Dataset entries:
——————————

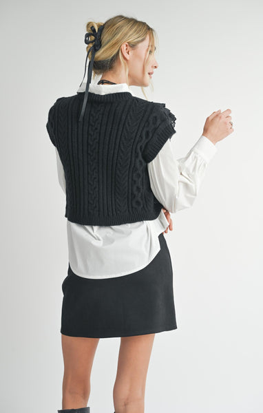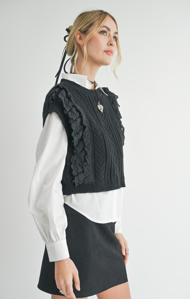 VICKI LACE RUFFLES SWEATER TANK- Black
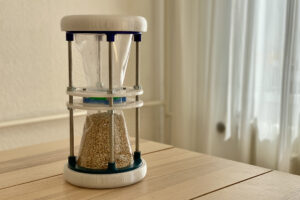 The Lock Clock is an hourglass that can be used to control the speed of the flow of time. Most of the material is made by 3D printing, using stainless steel rods for connection and stabilisation. The funnel is made of PVC film and is held in place by two lids at the top and bottom. The special feature of this hourglass is the central device, which resembles a camera opening and allows the outlet to be adjusted according to the user’s needs. The inspiration for this design comes from photography, where I have used the principle of the aperture to regulate the incidence of light. This allows the speed of the grain of sand inside the hourglass to be adjusted. Through simple operation, the user can precisely control the flow speed and thus influence the timing. You may need one minute of timing when cooking, while the next dish only needs 30 seconds. It is inconvenient to turn the hourglass over several times to measure 5 minutes, for example. Different application scenarios require different timing needs. By adjusting the Lock Clock, you can achieve your goal effortlessly. Perhaps you are in a wonderful moment and by simply turning the hourglass you can seemingly extend the time. Anyone can become a master of time!
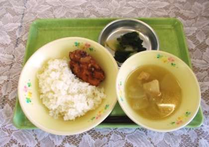 鶏の出汁唐揚げは、昆布と鰹節を煮たてた「出汁」に、酒とみりんを加えて「八方出汁」を作り、その出汁に漬け込んだ鶏肉を唐揚げにしました。船場汁は大阪の郷土料理です。サバとたっぷりの大根を出汁に加えて煮込んだ汁物です。「かぶら」は「かぶ」の別名です。
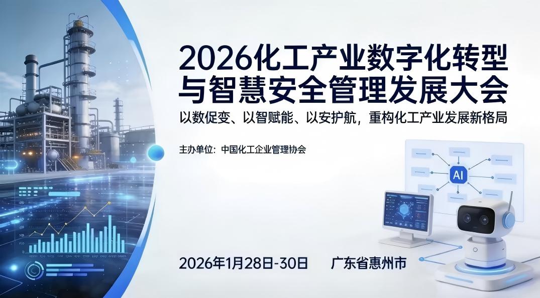 1 月 28 日,中国化工企业管理协会主办的 “2026 化工产业数字化转型与智慧安全管理发展大会” 将在惠州召开。大会以 “以数促变、以智赋能、以安护航,重构化工产业发展新格局” 为主题,聚焦化工行业数字化转型、智能化管理新趋势,结合人工智能技术应用现状,探讨化工企业及园区数字化转型、智慧安全管理、“人工智能 +” 行动的核心痛点与解决方案。
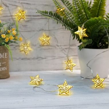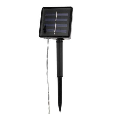 Светодиодная гирлянда «Звезды» питается от солнечной батареи. На проводе, помещенном в прозрачную изоляцию из ПВХ, находятся 12 диодов, которые выполнены в виде ажурных звезд золотистого цвета с глянцевым покрытием. Экономичные безопасные диоды излучают белый свет теплого оттенка. На питающем элементе предусмотрен блок управления с клавишей включения, выключения и смены режима на динамичный — удобное решение, когда гирлянда не используется. Защита IP44 допускает использование на улице.
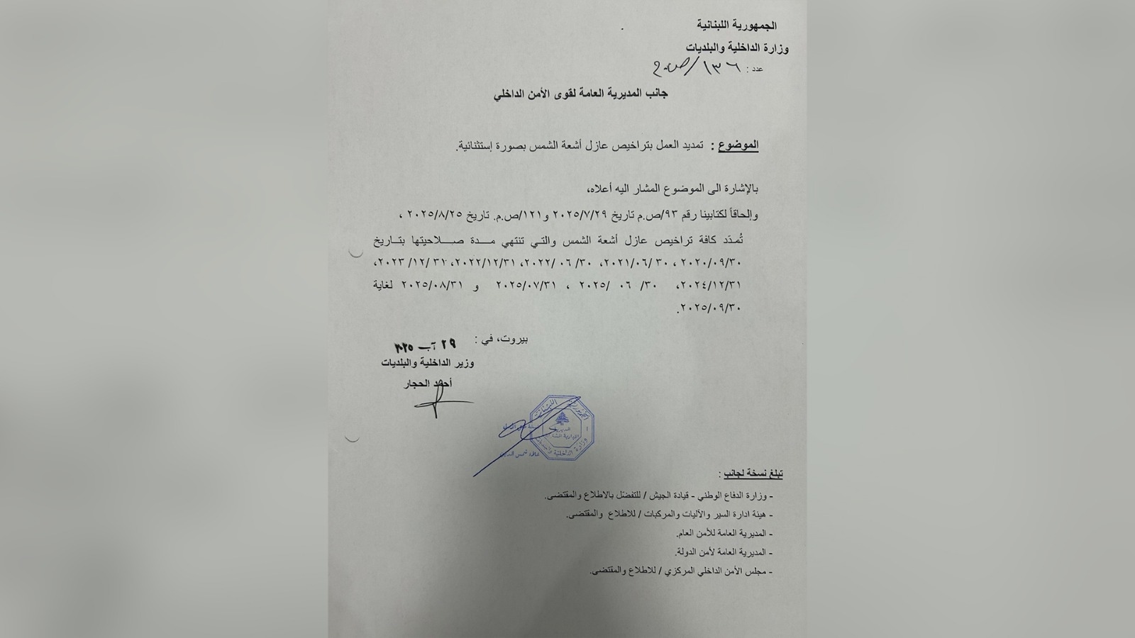 أعلنت وزارة الداخلية والبلديات تمديد العمل بتراخيص عازل أشعة الشمس بصورة استثنائية لغاية 2025 -09-30.

——————————

EXERCISE DIRECTIONS: Repeat the data exactly, excluding the pictures.

TASK RESPONSE:
 VICKI LACE RUFFLES SWEATER TANK- Black
 The Lock Clock is an hourglass that can be used to control the speed of the flow of time. Most of the material is made by 3D printing, using stainless steel rods for connection and stabilisation. The funnel is made of PVC film and is held in place by two lids at the top and bottom. The special feature of this hourglass is the central device, which resembles a camera opening and allows the outlet to be adjusted according to the user’s needs. The inspiration for this design comes from photography, where I have used the principle of the aperture to regulate the incidence of light. This allows the speed of the grain of sand inside the hourglass to be adjusted. Through simple operation, the user can precisely control the flow speed and thus influence the timing. You may need one minute of timing when cooking, while the next dish only needs 30 seconds. It is inconvenient to turn the hourglass over several times to measure 5 minutes, for example. Different application scenarios require different timing needs. By adjusting the Lock Clock, you can achieve your goal effortlessly. Perhaps you are in a wonderful moment and by simply turning the hourglass you can seemingly extend the time. Anyone can become a master of time!
 鶏の出汁唐揚げは、昆布と鰹節を煮たてた「出汁」に、酒とみりんを加えて「八方出汁」を作り、その出汁に漬け込んだ鶏肉を唐揚げにしました。船場汁は大阪の郷土料理です。サバとたっぷりの大根を出汁に加えて煮込んだ汁物です。「かぶら」は「かぶ」の別名です。
 1 月 28 日,中国化工企业管理协会主办的 “2026 化工产业数字化转型与智慧安全管理发展大会” 将在惠州召开。大会以 “以数促变、以智赋能、以安护航,重构化工产业发展新格局” 为主题,聚焦化工行业数字化转型、智能化管理新趋势,结合人工智能技术应用现状,探讨化工企业及园区数字化转型、智慧安全管理、“人工智能 +” 行动的核心痛点与解决方案。
 Светодиодная гирлянда «Звезды» питается от солнечной батареи. На проводе, помещенном в прозрачную изоляцию из ПВХ, находятся 12 диодов, которые выполнены в виде ажурных звезд золотистого цвета с глянцевым покрытием. Экономичные безопасные диоды излучают белый свет теплого оттенка. На питающем элементе предусмотрен блок управления с клавишей включения, выключения и смены режима на динамичный — удобное решение, когда гирлянда не используется. Защита IP44 допускает использование на улице.
 أعلنت وزارة الداخلية والبلديات تمديد العمل بتراخيص عازل أشعة الشمس بصورة استثنائية لغاية 2025 -09-30.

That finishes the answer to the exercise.